- **MATERIAL TO PROCESS**:
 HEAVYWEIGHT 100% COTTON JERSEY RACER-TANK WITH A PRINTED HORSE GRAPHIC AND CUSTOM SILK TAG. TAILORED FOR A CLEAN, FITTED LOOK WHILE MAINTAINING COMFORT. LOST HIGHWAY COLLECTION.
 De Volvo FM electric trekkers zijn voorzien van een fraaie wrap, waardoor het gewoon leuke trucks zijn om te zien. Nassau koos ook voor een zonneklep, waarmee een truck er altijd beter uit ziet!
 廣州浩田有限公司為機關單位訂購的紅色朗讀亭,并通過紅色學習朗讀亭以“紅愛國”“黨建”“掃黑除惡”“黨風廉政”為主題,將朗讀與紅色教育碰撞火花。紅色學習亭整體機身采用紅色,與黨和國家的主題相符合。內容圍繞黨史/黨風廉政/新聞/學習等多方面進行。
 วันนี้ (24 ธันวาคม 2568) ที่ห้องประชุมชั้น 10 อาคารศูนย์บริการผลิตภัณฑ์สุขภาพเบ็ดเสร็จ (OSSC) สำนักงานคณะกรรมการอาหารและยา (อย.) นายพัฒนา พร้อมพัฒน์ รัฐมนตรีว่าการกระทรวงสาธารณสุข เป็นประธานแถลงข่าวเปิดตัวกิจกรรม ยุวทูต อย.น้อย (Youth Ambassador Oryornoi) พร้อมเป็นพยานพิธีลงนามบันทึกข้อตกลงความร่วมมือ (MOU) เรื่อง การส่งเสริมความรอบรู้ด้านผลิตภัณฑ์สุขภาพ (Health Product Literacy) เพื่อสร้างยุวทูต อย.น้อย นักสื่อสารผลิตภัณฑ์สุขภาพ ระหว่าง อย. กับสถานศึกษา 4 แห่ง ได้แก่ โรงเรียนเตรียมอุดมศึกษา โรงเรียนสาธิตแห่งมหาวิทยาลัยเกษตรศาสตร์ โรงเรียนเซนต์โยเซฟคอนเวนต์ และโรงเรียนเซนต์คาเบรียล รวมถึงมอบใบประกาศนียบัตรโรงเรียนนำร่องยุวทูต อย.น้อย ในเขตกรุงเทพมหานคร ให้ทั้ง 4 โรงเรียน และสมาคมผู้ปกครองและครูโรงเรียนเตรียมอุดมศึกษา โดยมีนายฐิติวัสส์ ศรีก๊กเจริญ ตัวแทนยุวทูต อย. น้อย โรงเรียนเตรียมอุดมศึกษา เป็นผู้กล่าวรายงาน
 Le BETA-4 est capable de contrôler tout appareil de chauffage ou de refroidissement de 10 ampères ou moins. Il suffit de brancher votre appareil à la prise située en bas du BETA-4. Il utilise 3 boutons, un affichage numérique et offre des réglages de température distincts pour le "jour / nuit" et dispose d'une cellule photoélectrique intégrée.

--

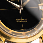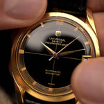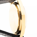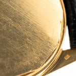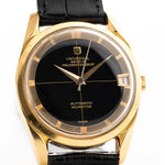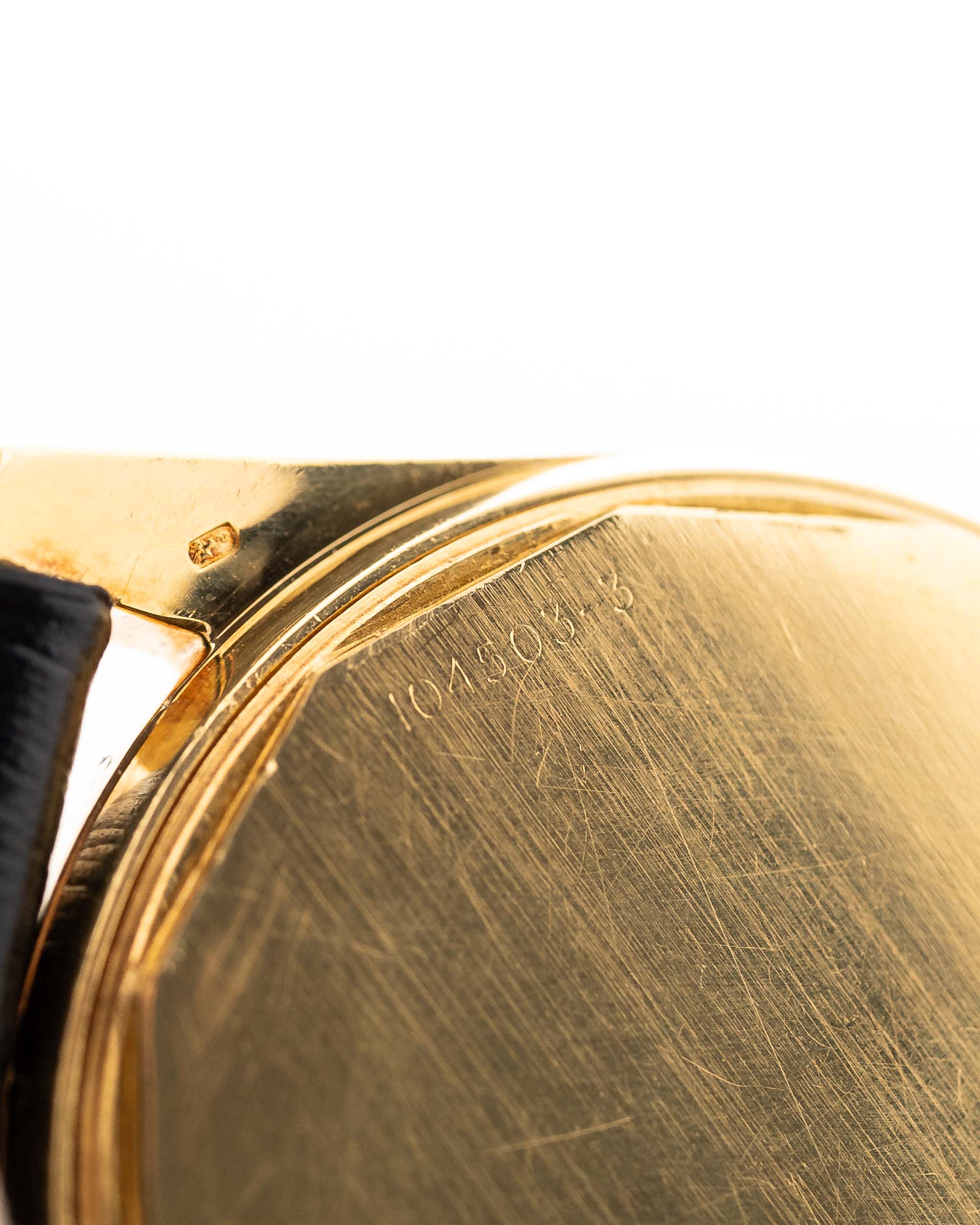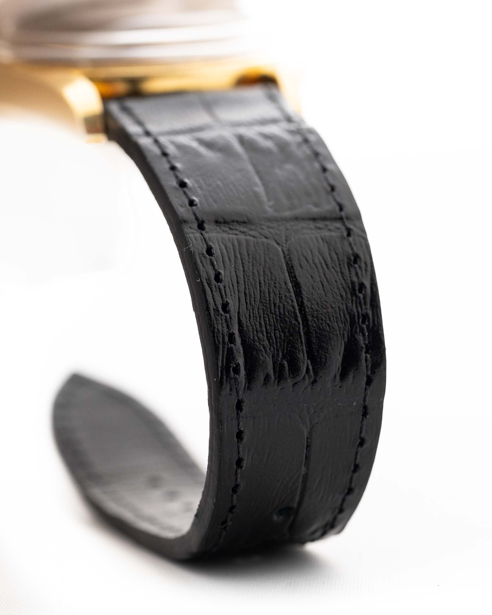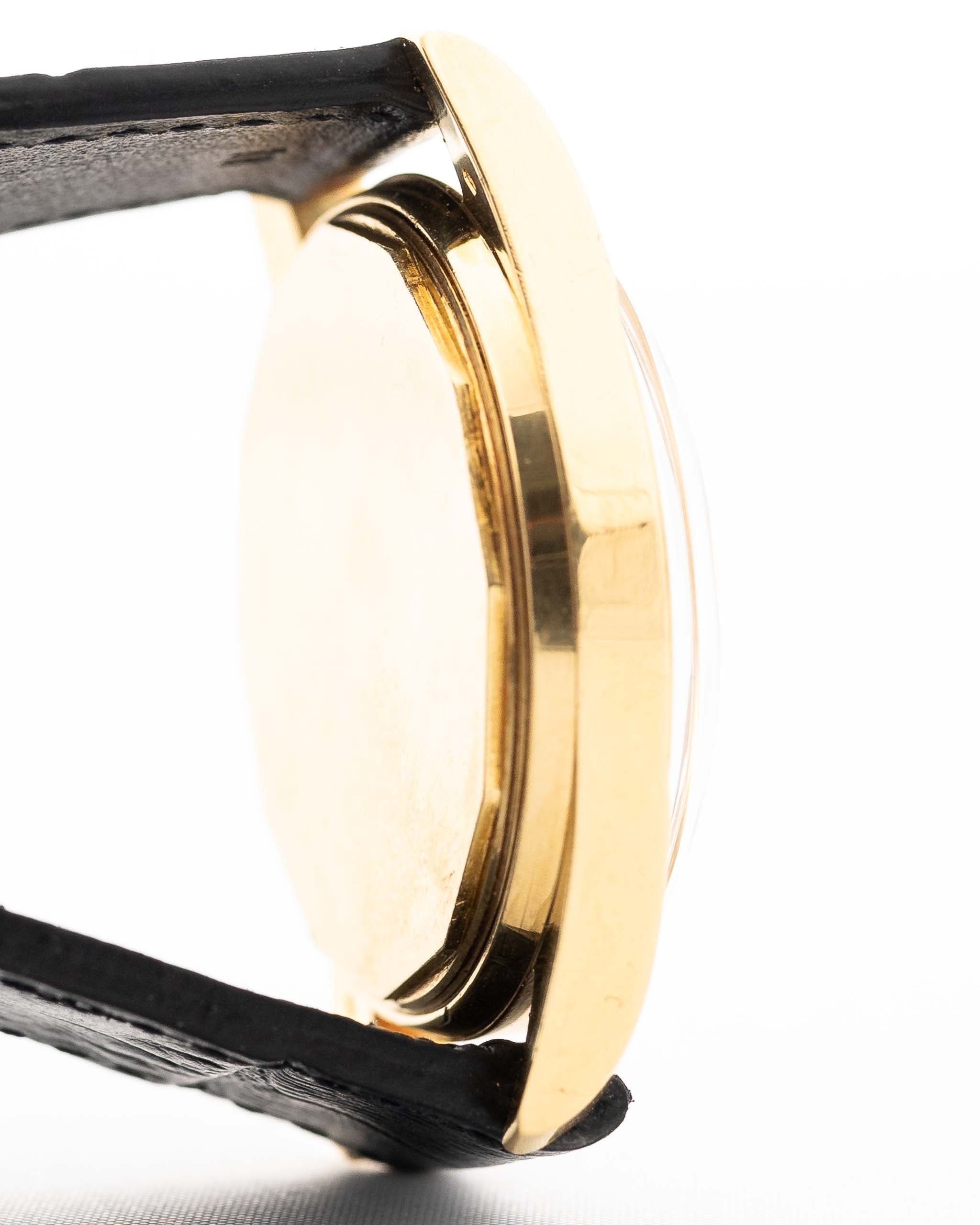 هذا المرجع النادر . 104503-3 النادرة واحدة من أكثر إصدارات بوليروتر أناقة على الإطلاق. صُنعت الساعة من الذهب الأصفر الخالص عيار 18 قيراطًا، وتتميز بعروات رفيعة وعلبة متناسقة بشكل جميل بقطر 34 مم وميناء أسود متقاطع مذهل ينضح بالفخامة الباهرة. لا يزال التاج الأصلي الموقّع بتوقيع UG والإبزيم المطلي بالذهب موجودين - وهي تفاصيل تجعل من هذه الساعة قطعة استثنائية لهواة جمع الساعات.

- **ASSIGNMENT**: Here the job is to set down exactly the lines of the material above that fall between the one with "HEAVYWEIGHT 100% COTTON" and the one with "廣州浩田有限公司為機關單位訂", inclusive, and nothing beyond them.

- **ANSWER BOX**:
 HEAVYWEIGHT 100% COTTON JERSEY RACER-TANK WITH A PRINTED HORSE GRAPHIC AND CUSTOM SILK TAG. TAILORED FOR A CLEAN, FITTED LOOK WHILE MAINTAINING COMFORT. LOST HIGHWAY COLLECTION.
 De Volvo FM electric trekkers zijn voorzien van een fraaie wrap, waardoor het gewoon leuke trucks zijn om te zien. Nassau koos ook voor een zonneklep, waarmee een truck er altijd beter uit ziet!
 廣州浩田有限公司為機關單位訂購的紅色朗讀亭,并通過紅色學習朗讀亭以“紅愛國”“黨建”“掃黑除惡”“黨風廉政”為主題,將朗讀與紅色教育碰撞火花。紅色學習亭整體機身采用紅色,與黨和國家的主題相符合。內容圍繞黨史/黨風廉政/新聞/學習等多方面進行。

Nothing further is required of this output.